● Exercise objective: Only the lines below from the one with "Η αμόλυβδη σταθερά" through the one with "Sentencia Junta de" are to be written out, exactly and without any images.

● Data records:
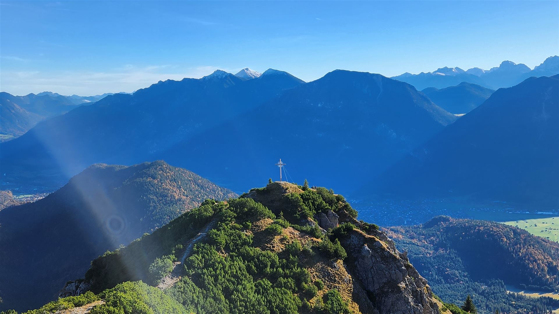 Das Brünstlkreuz, im Hintergrund der Vordere Felderkopf -
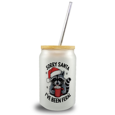 Waschbär mit Weihnachtsmütze Trinkglas mit Bambusdeckel - Sorry Santa
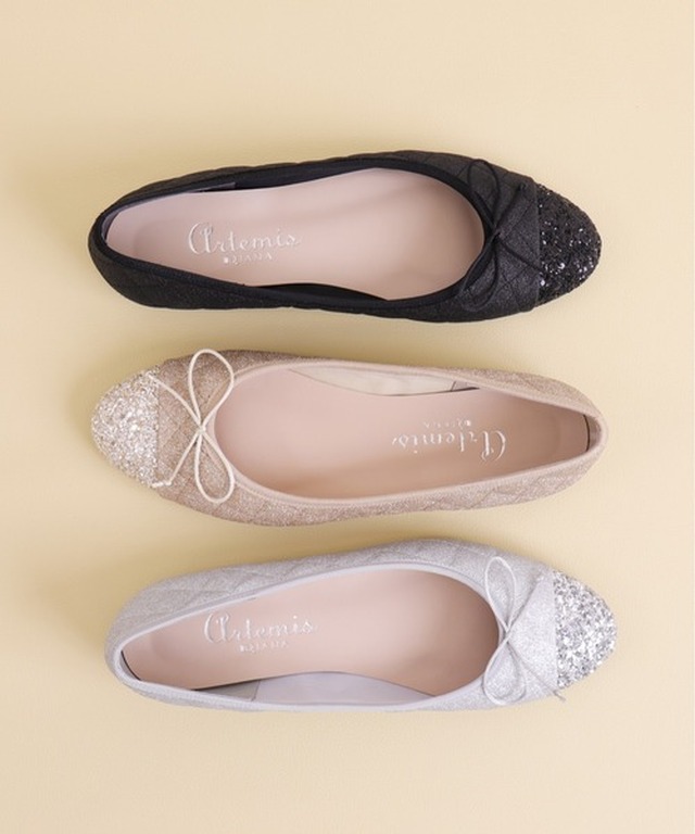 ラメをキルティング加工したオリジナル素材と、同系色の大粒グリッターの組み合わせが華やかなバレエシューズ。
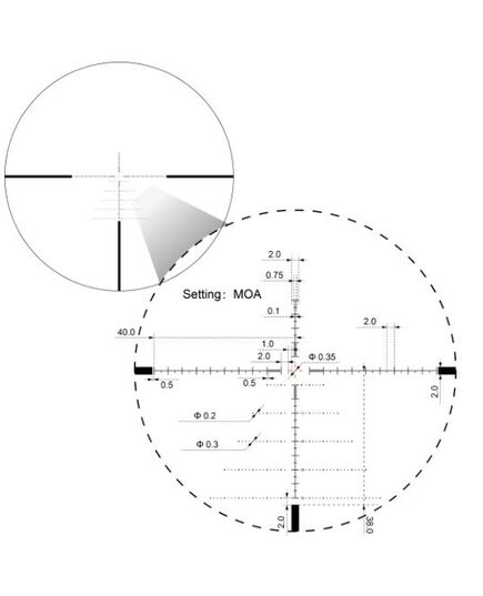 Прицельная сетка Sentinel 6-24x50 имеет прицельную сетку типа VSE-3 MOA, расположенную в первой фокальной плоскости (FFP), поэтому размер сетки изменяется с увеличением. Это позволяет производить замеры дистанции с помощью сетки на любой кратности.
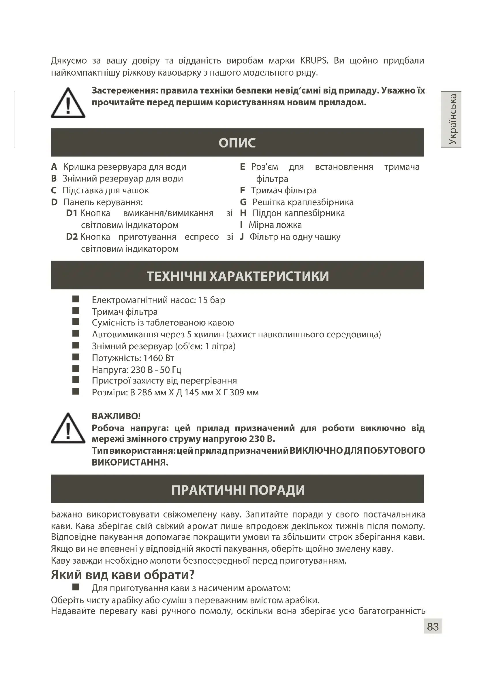 Робоча напруга: цей прилад призначений для роботи виключно від мережі змінного струму напругою 230 В. Тип використання: цей прилад призначений ВИКЛЮЧНО ДЛЯ ПОБУТОВОГО ВИКОРИСТАННЯ. Дякуємо за вашу довіру та відданість виробам марки KRUPS. Ви щойно придбали найкомпактнішу ріжкову кавоварку з нашого модельного ряду.
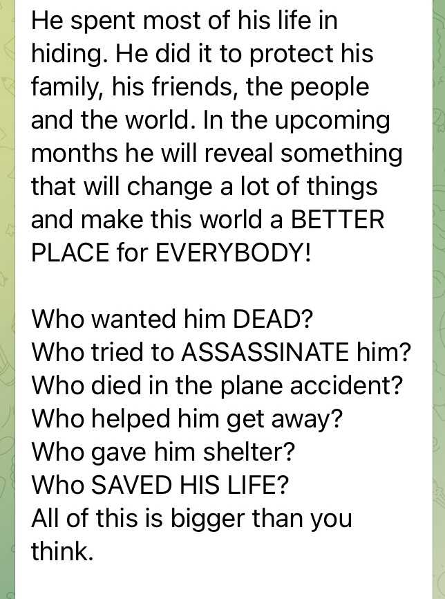 彼は人生の多くを隠れて過ごしました。それは彼の家族や友人たち、世界中の人々を守りたいと思ったからです。これからやって来る数ヶ月間に彼が暴露することで、世界中のたくさんの事が変わり、人類にとってより良い場所になるでしょう。
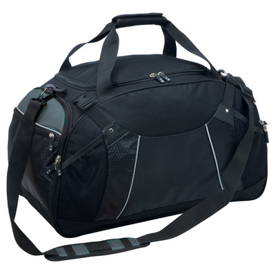 Give your team jump start with the featured inclusionsand striking panels of the Jump Sports Bag. Product Features: 600D420D polyester | Hexagonal ripstop feature panels, piping mesh panel on front | Front panel secured by two side release clips | Double zip end pockets feature zip valuables pockets | Double zip U-shaped opening | Business card holder | Carry handles with velcro cuff | Removable, adjustable shoulder strap with pad | Studded feet on base | Baseboard | Capacity: 50L. Product Item Size: 56cm x 32cm x 28cm d. Colours: Black, Charcoal. Decorations Options Available: Embroidery | Screen Print | Plastisol Transfer | Digital Transfer. Decoration Areas: Embroidery Area, Front Pocket: 9.5mm diameter, Lid: 95mm diameter, End Pocket: 125mm diameter | Print Transfer Area, Front Pocket: 270mm x 80mm h, Lid: 155mm x 70mm h.
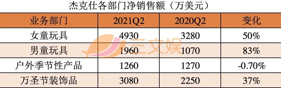 另一家玩具公司杰克仕太平洋也在本季度卖出了好成绩:净销售额1.124亿美元,同比去年增长43%,即便相比于受疫情影响前的2019年同期,增长18%。毛利率28.4%,较2020年第二季度增长710个基点,达到2016年以来的第二季度毛利率的最高水平。
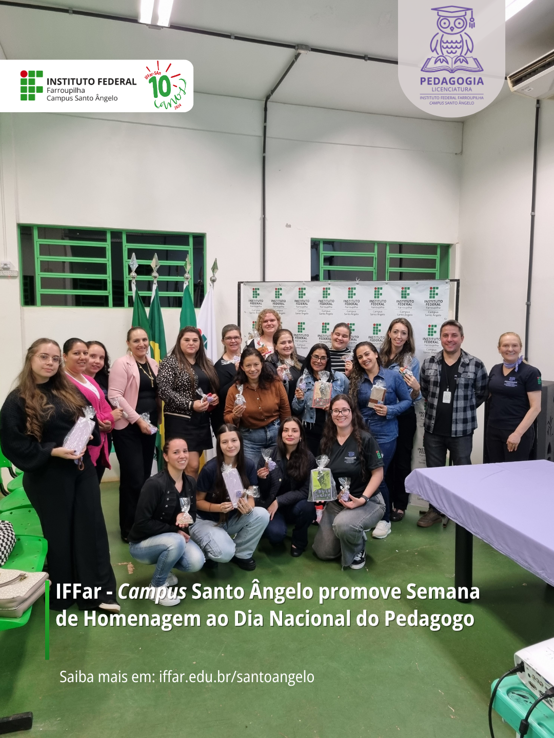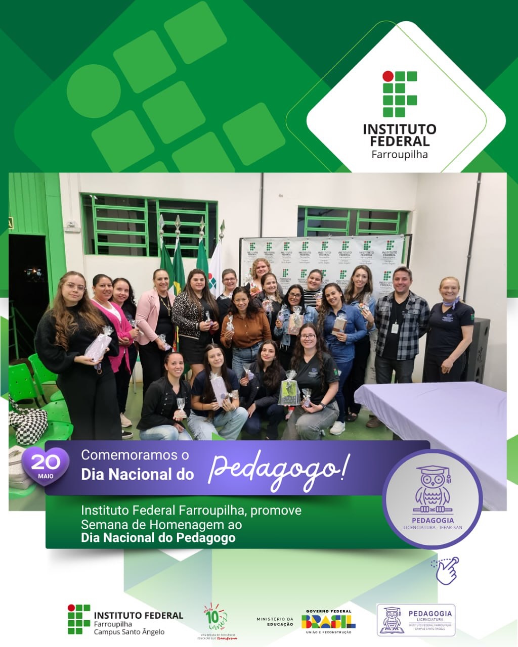 IFFar - Campus Santo Ângelo, por meio do Curso Superior de Licenciatura em Pedagogia promoveu programação especial entre os dias 19 a 23 de maio de 2025, em alusão ao Dia Nacional do Pedagogo (20/05).
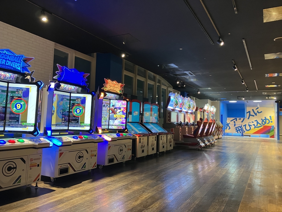 3階:プリントシール機や体感スポーツ、音楽ゲーム、大型ビデオゲーム、キッズカード、ビリヤード、ダーツ、卓球など。
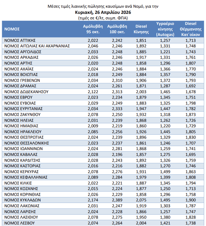 Η αμόλυβδη σταθερά πάνω από 2 ευρώ – Τι γίνεται με το diesel
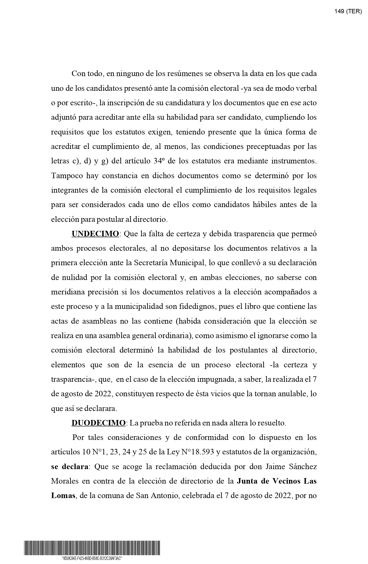 Sentencia Junta de Vecinos Las Lomas en Fallos.
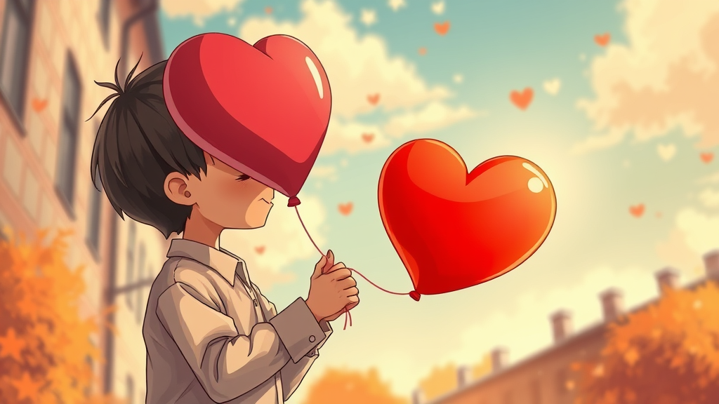 A poster illustrates a young boy gripping a heart-shaped balloon, captured in the artistic style of sketchfab and poodlepunk with warm, inviting tones. The scene mirrors the vibrancy of #screenshotsaturday with romanticized figures and expressive comic panels. Set in the realm of romantic academia, the image boasts an hdr effect, showcasing a dynamic pose in sharp focus. The 32k resolution accentuates every detail in this illustration, blending whimsy and depth for a captivating visual storytelling experience.
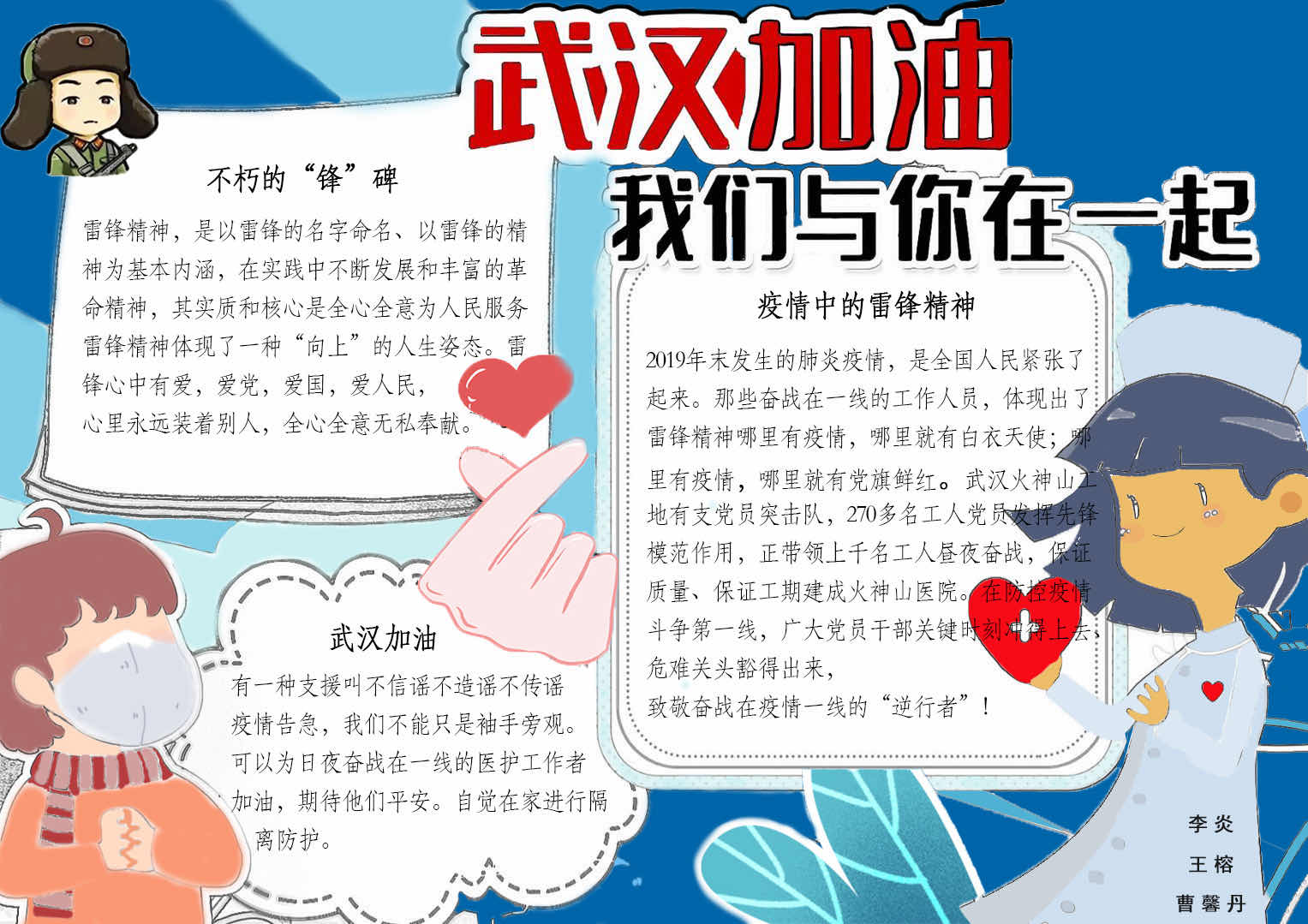 此次活动征集的手抄报内容丰富、图文并茂、标新立异、主题突出,每位作者都将雷锋精神与发生在疫情防控前线的英雄事迹完美结合,并向大家介绍了疫情防控的“预防小贴士”,同时也向奋战在一线的最美“逆行者”表达敬意。
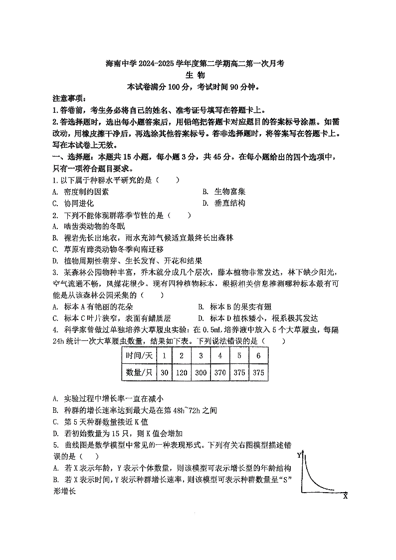海南省海口市海南中学2024-2025学年下学期3月高二月考生物
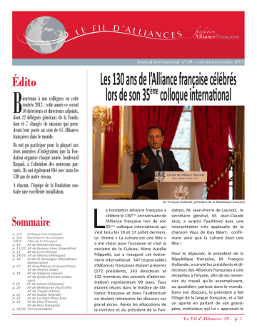 Journal international n°-29 - septembre/octobre 2013 Édito B ienvenue à nos collègues en cette rentrée 2013 : cette année ce seront 50 directeurs et directeurs adjoints, dont 12 délégués généraux de la Fondation et 7 chargés de mission qui prendront leur poste au sein de 65 Alliances françaises dans le monde. Ils ont pu participer pour la plupart aux trois journées d’intégration que la Fondation organise chaque année, boulevard Raspail, à l’attention des nouveaux partants. Ils ont également fêté avec nous les 130 ans de notre réseau. A chacun, l’équipe de la Fondation souhaite une excellente installation. Sommaire p. 2/3 p. 4/6 7/8/9 p. 10 p. 11/12 p. 13 p. 14/15 p. 16 Colloque internatioanl Partenaires du colloque Fête de la Musique AF de Nairobi (Kenya) AF de Buenos Aires (Argentine) AF de Lima (Pérou) AF de Mexico (Mexique) AF de St Domingue (République dominicaine) p. 17 AF Nice/Macao (France/Chine) AF de Panjim (Inde) p. 18 AF de Sapporo (Japon) AF de Dubai (Emirats arabes unis) P. 19 AF de Lahore (Pakistan) p. 20 AF de Melbourne (Australie) AF de Tianjin (Chine) p. 21 AF de Dublin (Irlande) p. 22 AF de La Haye (Pays bas) p. 23 AF de Nice (France) AF de Pecs (Hongrie) p. 24/25 Communication Les 130 ans de lème’Al iance française célébrés lors de son 35 colloque international L M. François Hollande, président de la République française a Fondation Alliance française a célébré le 130ème anniversaire de l’Alliance française lors de son 35ème colloque international qui s’est tenu les 16 et 17 juillet derniers. Le thème « La culture est une fête » a été choisi pour l’occasion et c’est la ministre de la Culture, Mme Aurélie Filippetti, qui a inauguré cet événement international. 547 responsables d’Alliances françaises étaient présents (172 présidents, 243 directeurs et 132 membres des conseils d’administration) représentant 99 pays. Tous étaient réunis dans le théâtre de l’Alliance française et dans l’auditorium où étaient retransmis les discours sur grand écran. Après les allocutions de la ministre et du président de la Fon- dation, M. Jean-Pierre de Launoit, le secrétaire général, M. Jean-Claude Jacq, a surpris l’auditoire avec une interprétation très applaudie de la chanson Vous de Guy Béart, confirmant ainsi que la culture était une fête ! Pour le déjeuner, le président de la République française, M. François Hollande, a convié les présidents et directeurs des Alliances françaises à une réception à l’Elysée, afin de les remercier du travail qu’ils accomplissent, au quotidien, partout dans le monde. Dans son discours, le président a fait l’éloge de la langue française, et a fait un aparté en parlant de son grandpère, instituteur, qui lui « apprenait le Le Fil d’Alliances 29 - p. 1 suite... dictionnaire » en lui lisant une page par jour. « Le français, c’est une langue pleine de découverte, il y a des mots que l’on apprend à connaître même au soir de la vie… langue qui a la vertu de conférer ses pièges et ses difficultés, plus de beauté à tout ce qu’elle désigne » a-t-il précisé. Il a ajouté que «la langue française, c’est une langue de l’émancipation. Apprendre le français, c’est pouvoir lire dans le texte la Déclaration des droits de l’Homme et du citoyen de 1789, celle de 1948… Apprendre le français, c’est déchiffrer les langages de la liberté ». Promouvant la francophonie, il a précisé que, «si l’on se bat pour une langue, on ne se bat pas en défensif, on ne se bat pas contre, on se bat toujours pour partager». Mme Yamina Benguigui (ministre de la Francophonie) et Mme Hélène Conway-Mouret (ministre des Français de l’étranger) étaient également présentes à la réception. Durant le cocktail qui a suivi, le président a échangé quelques mots avec nombre d’invités. Les débats ont repris l’après-midi au siège de la Fondation, avec une séance de dialogue sur le thème « Familles de paysages, paysages de familles » où sont intervenus avec brio : Aldo Naouri, pédiatre, et JeanRobert Pitte, géographe. Une table ronde « Sous les livres, la langue » a ensuite donné lieu à des échanges entre les linguistes Henriette Walter et Bernard Cerquiglini, et de quatre autres écrivains : Fatou Diome, Yann Kerlau, Shan Sa et Zoé Valdès. Le soir même, les participants au colloque, les partenaires et des invités extérieurs de la Fondation ont été conviés à une grande soirée au Centre Pompidou où ils ont pu visiter en privé l’exposition permanente d’art contemporain, danser avec l’orchestre du Bal de l’Elysée Montmartre qui a repris les grands standards français Colloque et savourer les mets du buffet dinatoire offert par le Cordon Bleu, partenaire de l’événement. Le 17 juillet au matin, deux tables rondes se sont succédé. La première, sur le thème « Voix du monde », a permis aux présidents d’Alliances françaises de présenter à l’auditoire un texte littéraire cher à leur cœur dans le cadre d’une réflexion sur l’importance de la culture dans leur vie : M. Pat Cox (Dublin), Goéry Delacôte (Paris Ile-de-France), M. Kuda Dhoro (Harare), M. David Kent (Sydney), Mme Angelica Uribe Gaviria (Bogota), Princesse Zatashah Idris (Kuala Lumpur). La seconde table ronde, sur le thème « Création, politique et culture», a fait intervenir M. Dominique Wolton, sociologue, M. Malo Girod de l’Ain, dirigeant, Digital Art International, Mme Sylvie Goulard, députée européenne. Un déjeuner « Goût des terroirs », avec de nombreux partenaires gastronomiques, a clôturé cette manifestation dans un esprit estival avec des stands installés dans la cour et à l’intérieur des locaux. Une performance artistique éphémère, pour célébrer les 130 ans de l’Alliance française, a été réalisée par trois graffeurs de talent, sur une bâche plastique de 20 m de lon
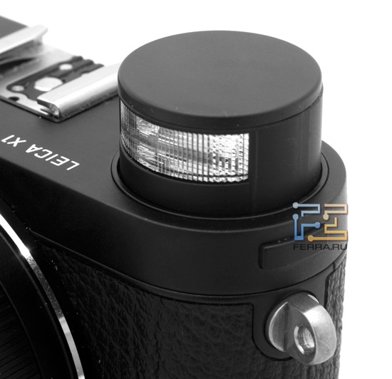 Как уже говорилось, у Leica X1 имеется горячий башмак для установки внешних вспышек, он расположен ровно по оптической оси. Именно поэтому туда удобно устанавливать аксессуар оптический видоискатель. К счастью, в Leica X1 есть и встроенная вспышка.

● Exercise answer:
 Η αμόλυβδη σταθερά πάνω από 2 ευρώ – Τι γίνεται με το diesel
 Sentencia Junta de Vecinos Las Lomas en Fallos.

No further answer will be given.